Just then a short, thick-set man came hurrying past him into the shop. He was probably the whitest man going into that or any other shop, and he spoke out at once, very fast, but with a voice that sounded as if it came through a bag of meal.

"Ogden," said he, "got him shod? If you have, I'll take him. What do you say about that trade?"

"I don't want any more room than there is here," said the blacksmith, "and I don't care to move my shop."

"There's nigh onto two acres, mebbe more, all along the creek from below the mill to Deacon Hawkins's line, below the bridge," wheezed the mealy, floury, dusty man, rapidly. "I'll get two hundred for it some day, ground or no ground. Best place for a shop."

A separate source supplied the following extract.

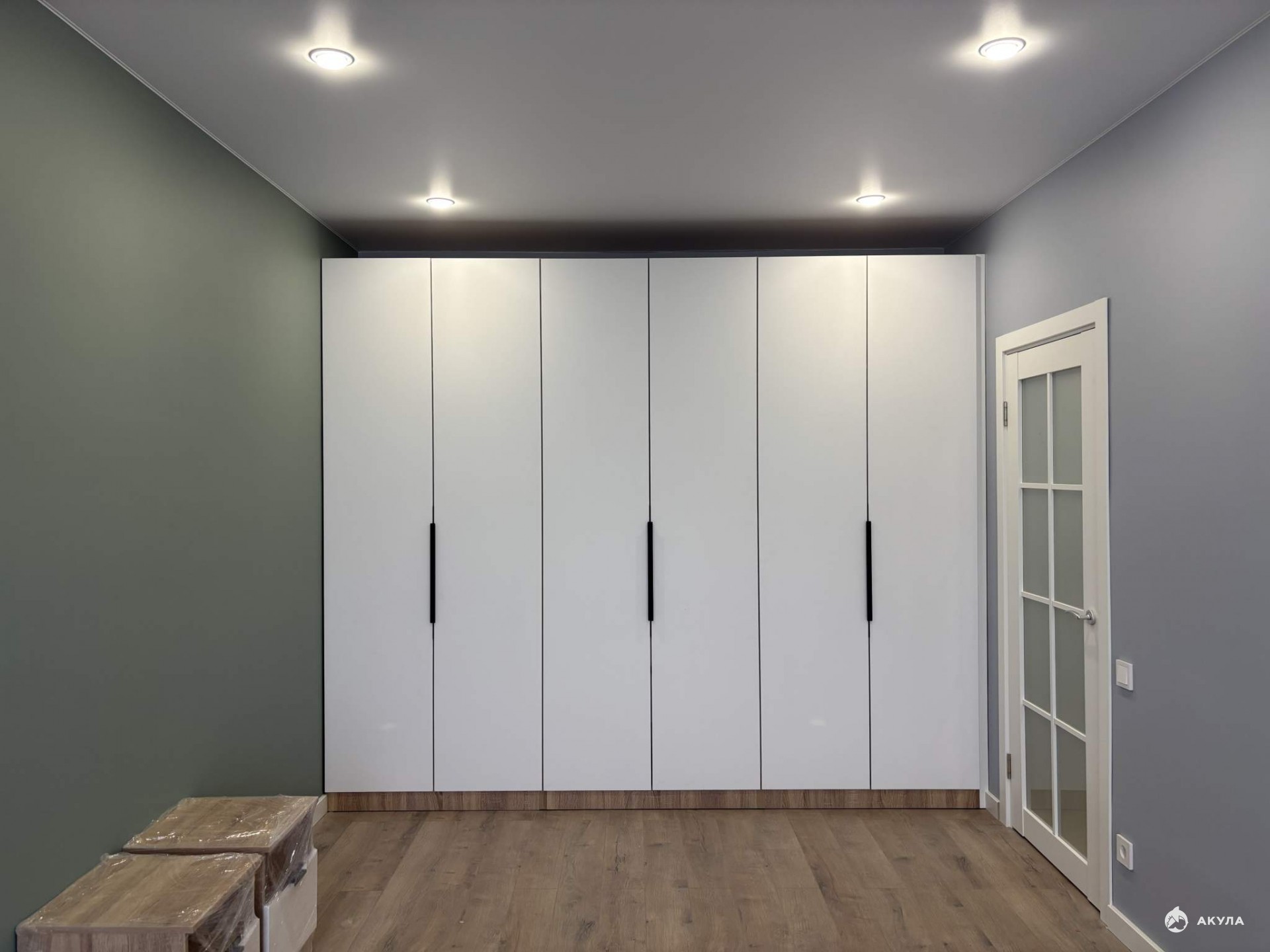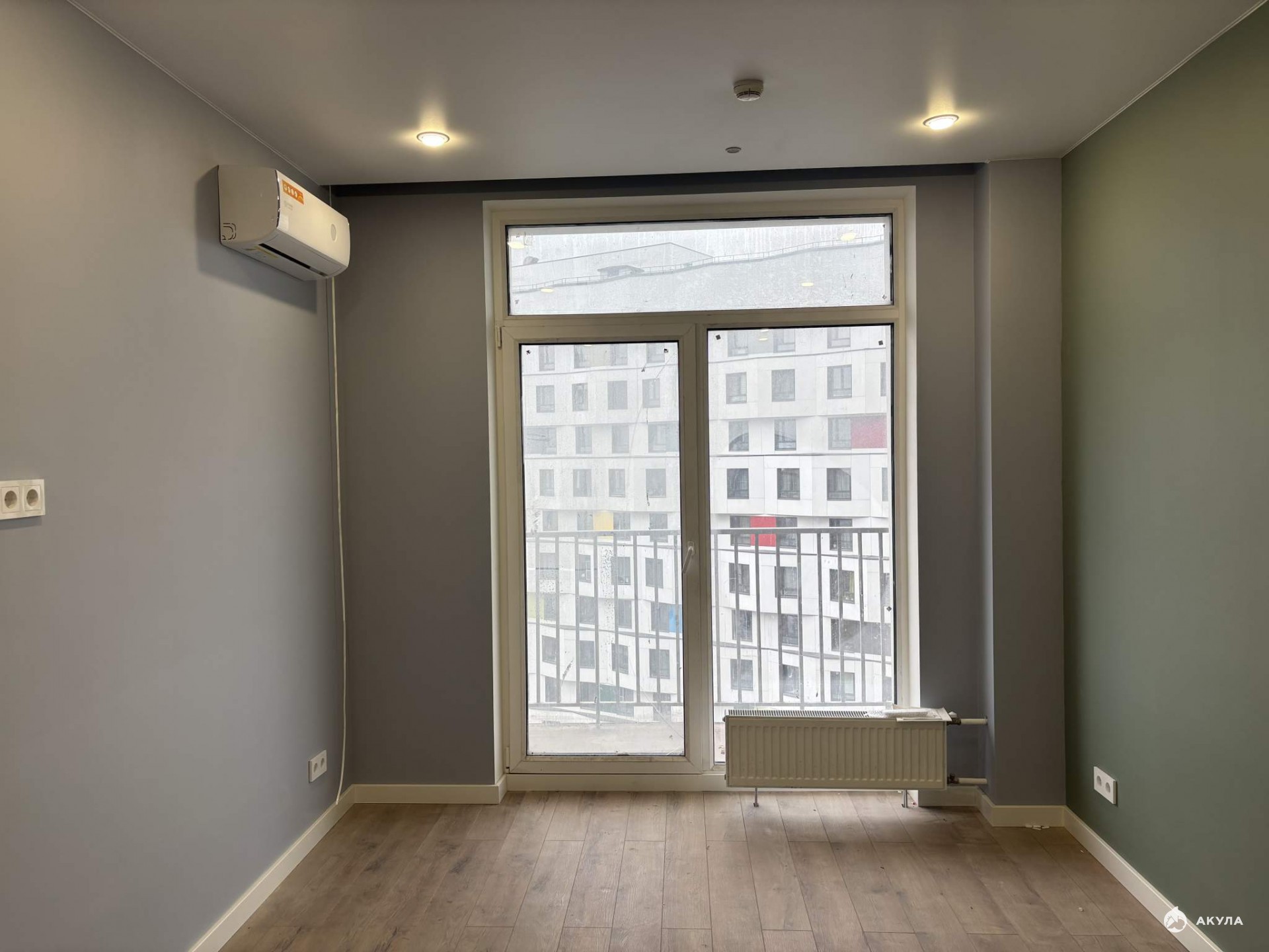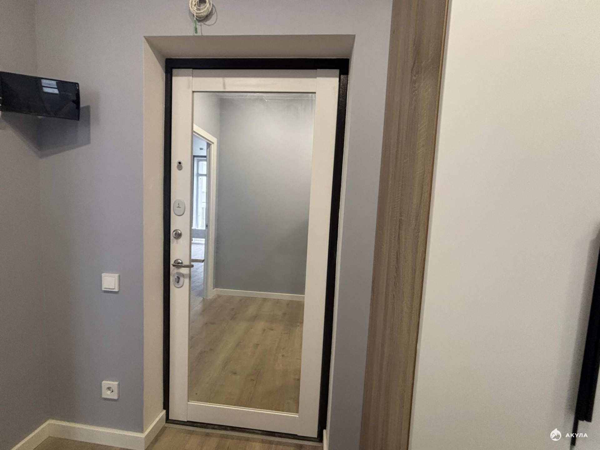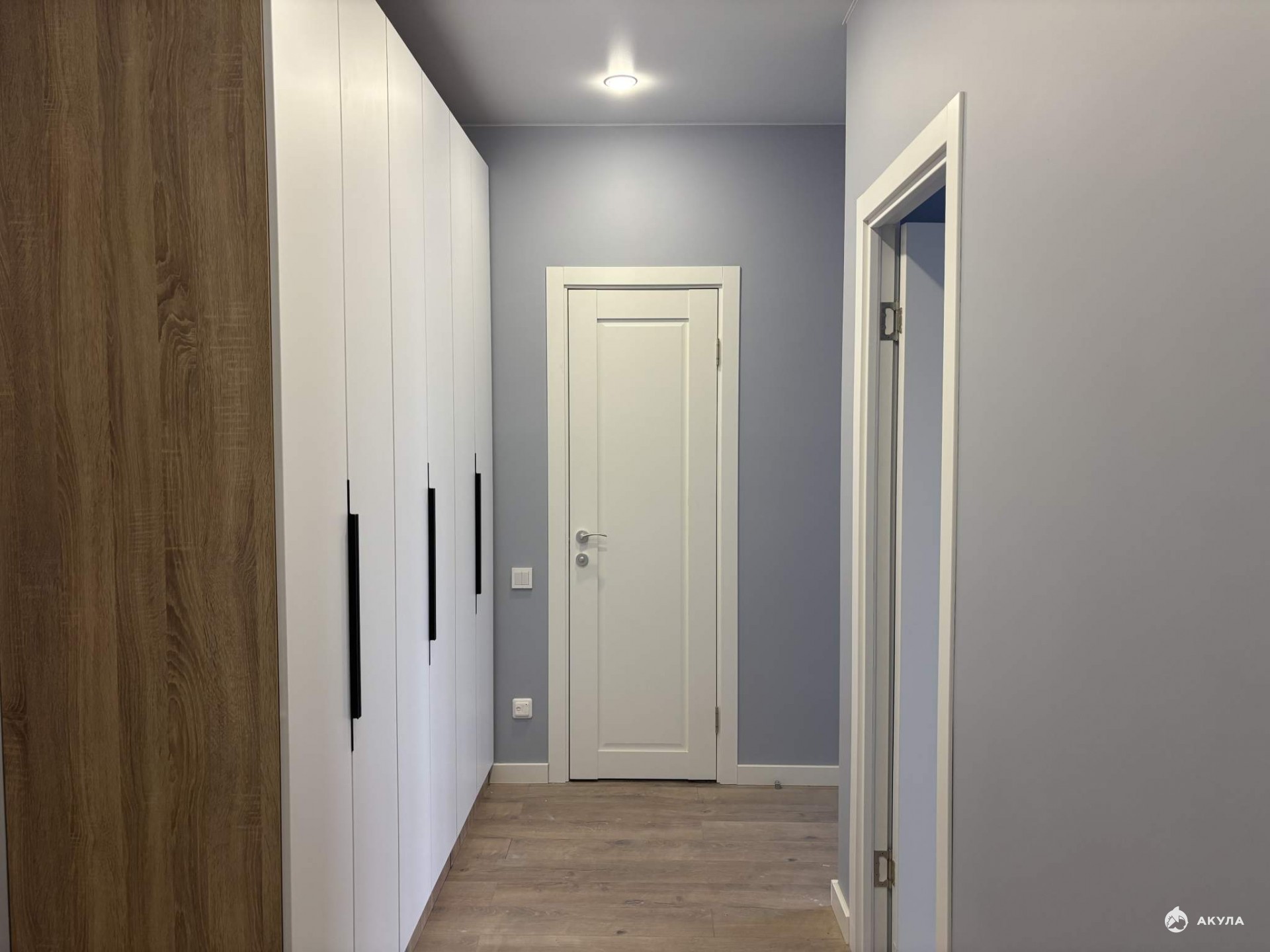 Входная дверь с зеркалом, ламинат 32 класса, натяжные потолки, обои в сдержанных тонах, межкомнатные двери, розетки, выключатели, точечные светильники, установлен кондиционер;

"This lot suits me," said the smith, hammering away. "'Twouldn't pay me to move—not in these times."

The miller had more to say, while he unhitched his horse, but he led him out without getting any more favorable reply about the trade.

"Come and blow, Jack," said the smith, and the boy in the door turned promptly to take the handle of the bellows.

The little heap of charcoal and coke in the forge brightened and sent up fiery tongues, as the great leathern lungs wheezed and sighed, and Jack himself began to puff.

"I've got to have a bigger man than you are, for a blower and striker," said the smith. "He's coming Monday morning. It's time you were doing something, Jack."

"Why, father," said Jack, as he ceased pulling on the bellows, and the shoe came out of the fire, "I've been doing something ever since I was twelve. Been working here since May, and lots o' times before that. Learned the trade, too."